O Qatar, por sua vez, toca um programa de US$ 15 bilhões para
estimular o turismo. A estratégia de tornar o setor uma das âncoras do
crescimento passa pelo fortalecimento da companhia aérea nacional, a Qatar
Airways. O governo apoia ainda a Cidade da Educação, um complexo que
reúne filiais de universidades estrangeiras que procura evitar a evasão de
cérebros do país e formar seus próprios especialistas nas mais variadas áreas.
— Os países do Golfo têm se destacado na busca por alternativas para
a era pós-petróleo pois são aqueles com mais dinheiro. Eles sofrem com a
baixa dos preços mas têm reservas elevadas que permitem bancar os
programas — disse Edmar Almeida, especialista em petróleo e gás do
Instituto de Economia da UFRJ.
A principal motivação é a expectativa de que o preço se mantenha
baixo por muito tempo. Após o barril do Brent (referência no mercado) ter
atingido o pico de US$ 146 em 3 de julho de 2008, a cotação caiu
vertiginosamente, especialmente nos últimos dois anos, até a mínima de US$
27,80, em 20 de janeiro deste ano. Ontem, valia US$ 44.
De um lado, a oferta de petróleo aumentou por investimentos feitos na
ampliação da produção. Além disso, os EUA levantaram as sanções relativas
ao programa nuclear do Irã, contribuindo para derrubar mais os preços, uma
vez que o quinto maior produtor mundial voltou ao mercado. No fim de
semana, a reunião da Organização dos Países Exportadores de Petróleo
(Opep) que buscava congelar a produção fracassou justamente porque o Irã
não assumiu o compromisso.
Do lado da demanda, a desaceleração da China também ajuda a manter
os preços baixos. A mediana das estimativas de analistas compiladas pela
Bloomberg aponta o preço do barril abaixo de R$ 50 até 2019. Isso não
significa, porém, que os países do Golfo estão buscando diversificar sua
matriz energética. Alexandre Szklo, professor da Coppe/UFRJ, lembra de
iniciativas como a do Qatar, que tem produzido painéis fotovoltaicos, mas
ressalta que outros países dependentes do petróleo têm projetos tímidos nesse
sentido.
— O maior uso das energias renováveis é estrutural, mas para
pensarmos em uma era sem petróleo é preciso criar uma alternativa para seu
uso no transporte, que é o maior desafio para substituí-lo — afirmou Szklo.

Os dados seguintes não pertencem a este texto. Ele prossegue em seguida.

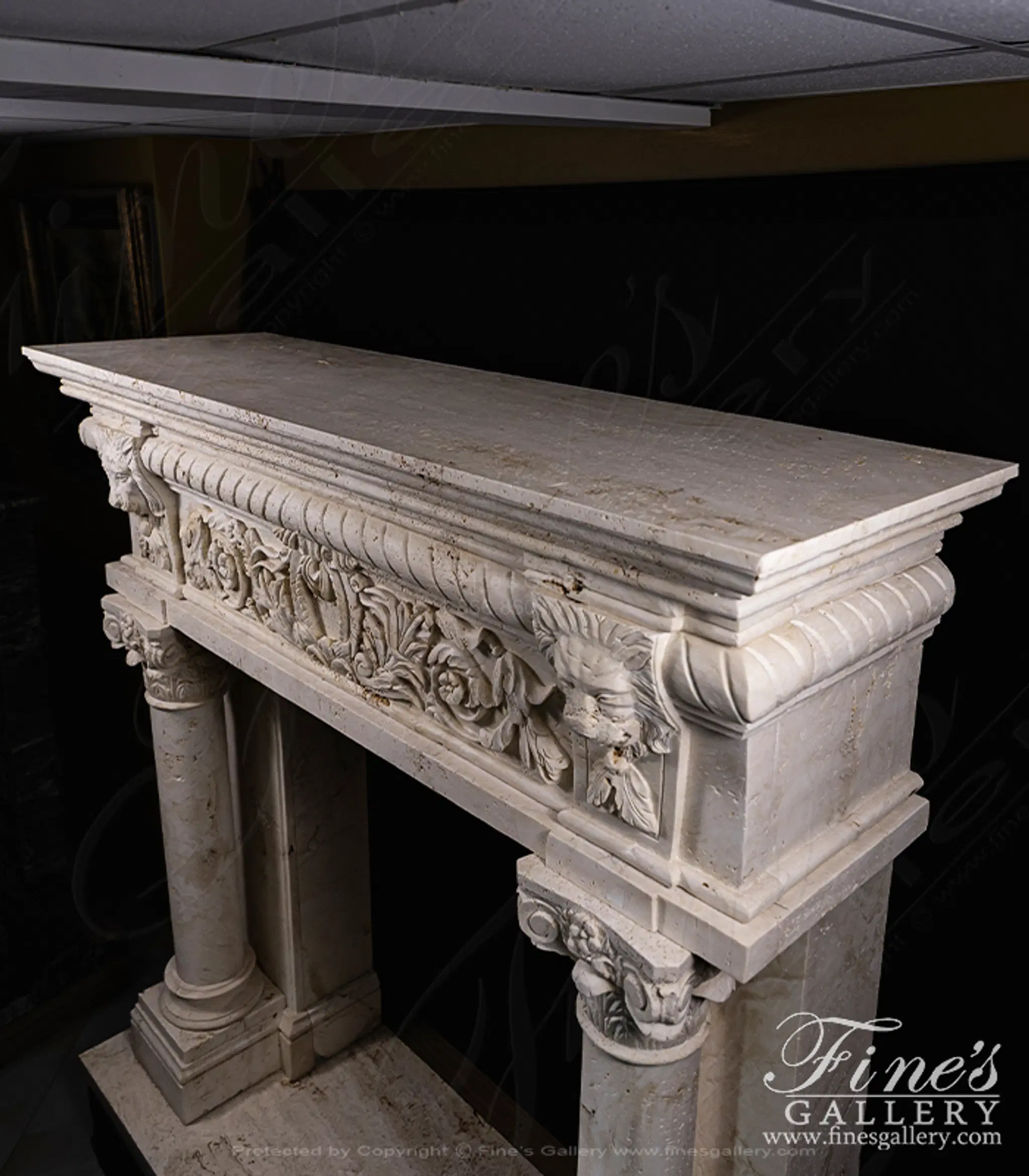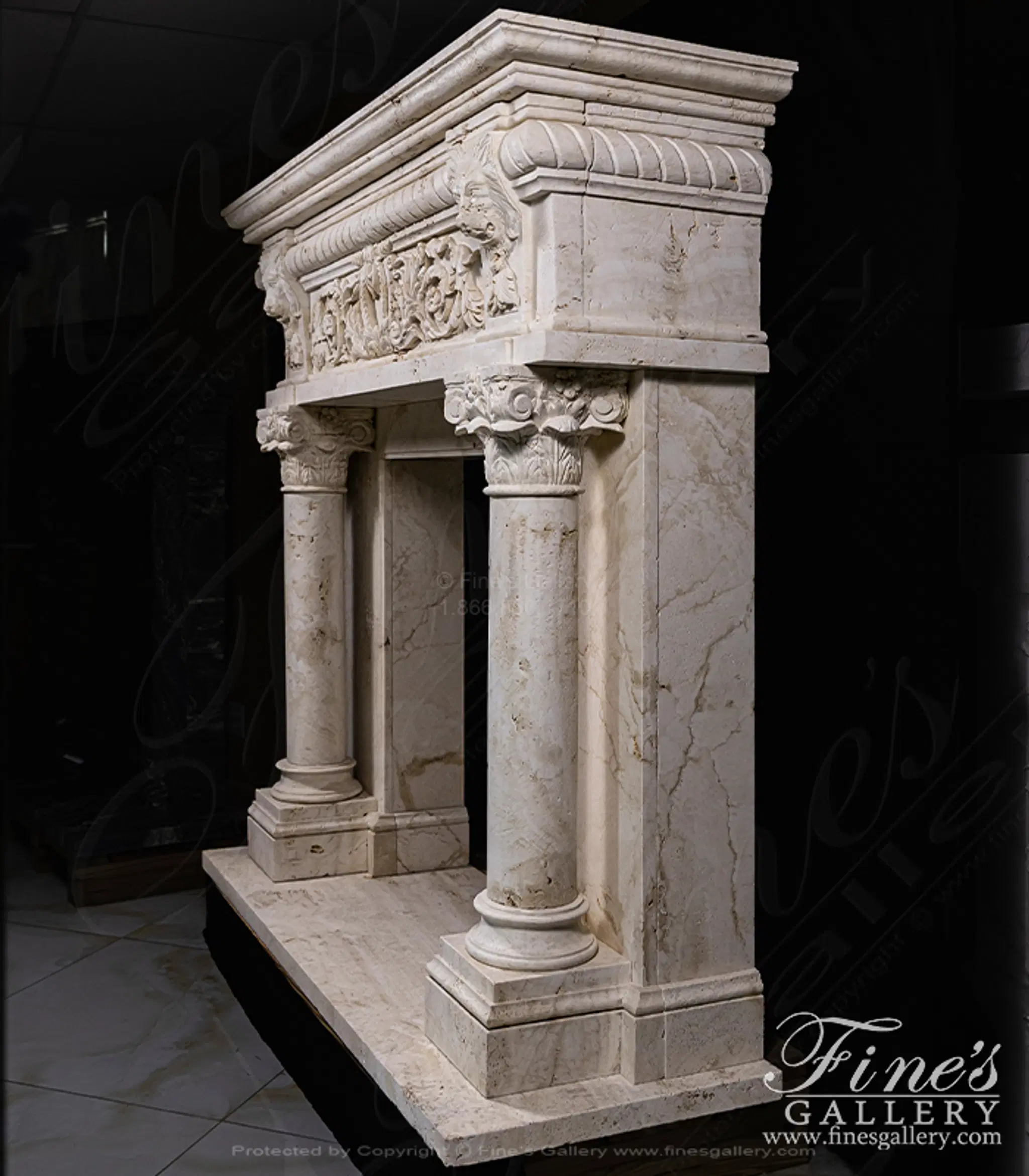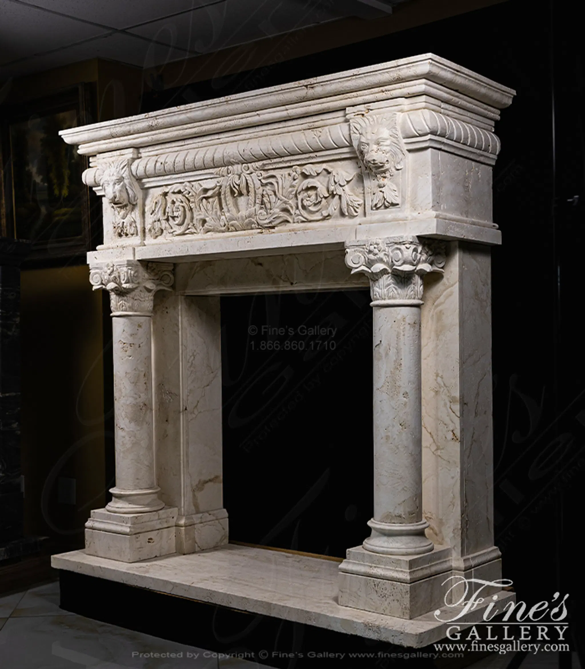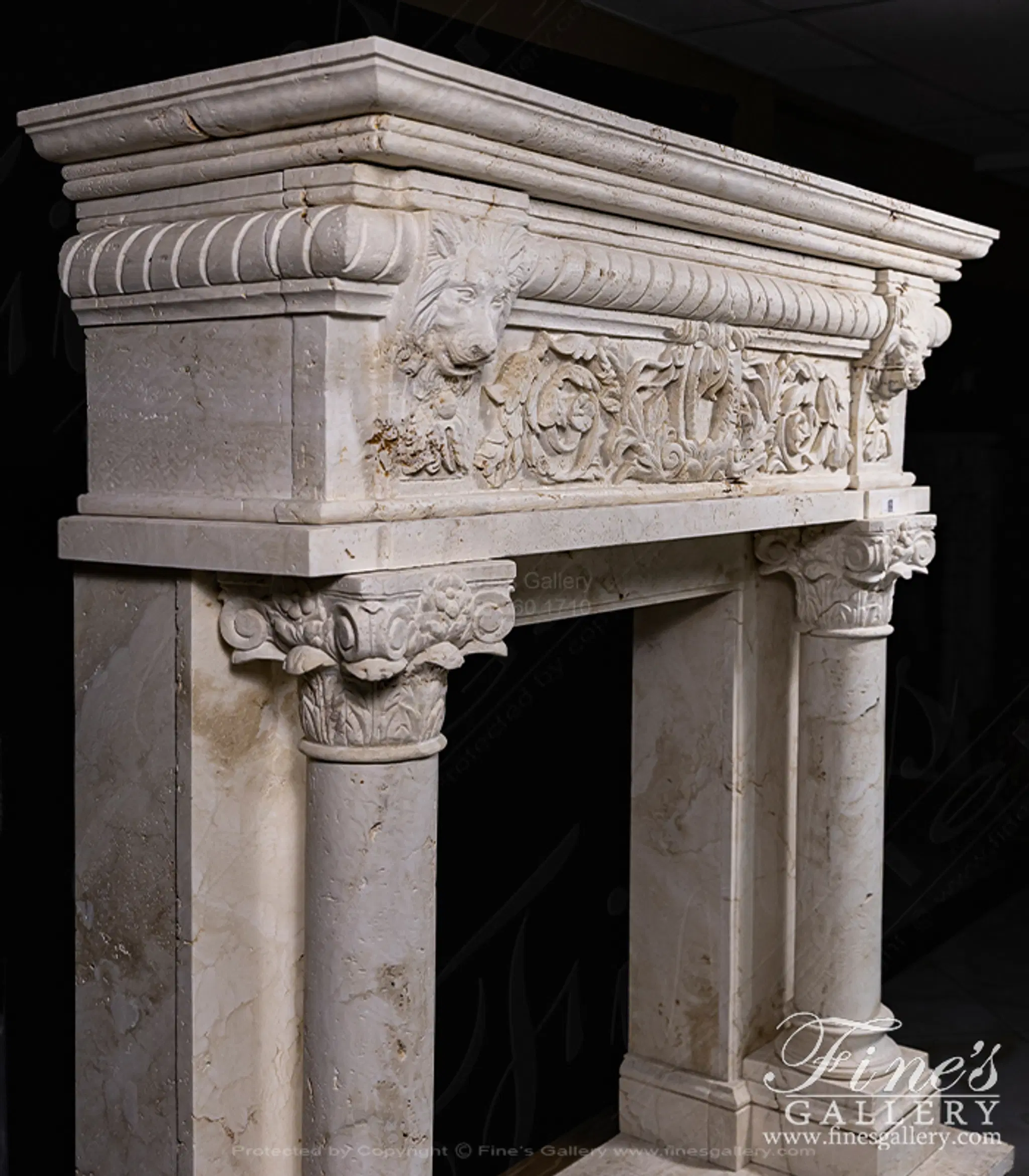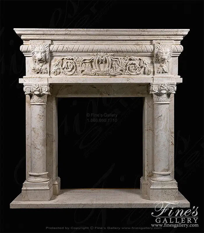Lions Den Surround carved from natural solid italian quarried Ivory travertine. This stunning master piece features regal lions and corinthian columns. A one of a kind design, originating from Italy!

CENÁRIO É DIFERENTE NA ÁFRICA
A Noruega é outro exemplo de país com medidas para reduzir sua
dependência do petróleo. Dona do maior fundo soberano no mundo
atualmente, com patrimônio de US$ 850 bilhões, o país já teve 23% do PIB
atrelados ao setor petrolífero. Segundo o governo, essa fatia vai cair para 1%
em 2050, dependendo da cotação do petróleo. E isso não apenas pelo esforço
de diversificação econômica, como também pela produção declinante.
— A Noruega é um caso diferente dos países do Golfo, já que os
campos estão maduros. A busca pela diversificação é urgente, mesmo que o
preço estivesse alto — avaliou Walter Vitto, analista da consultoria
Tendências.
Situação bem diferente vivem os países africanos. Angola e Nigéria
são os maiores produtores de petróleo no continente. Eles mantêm programas
de exigência de conteúdo local para estimular a indústria nacional mas ainda
não conseguiram se livrar da dependência do petróleo. A Nigéria tem
buscado reforçar seu programa de substituição de importações, mas o
empresariado esbarra principalmente em gargalos de infraestrutura. Já
Angola deve iniciar conversas com o Fundo Monetário Internacional (FMI)
para contratação de crédito que lhe dê fôlego para atravessar a crise.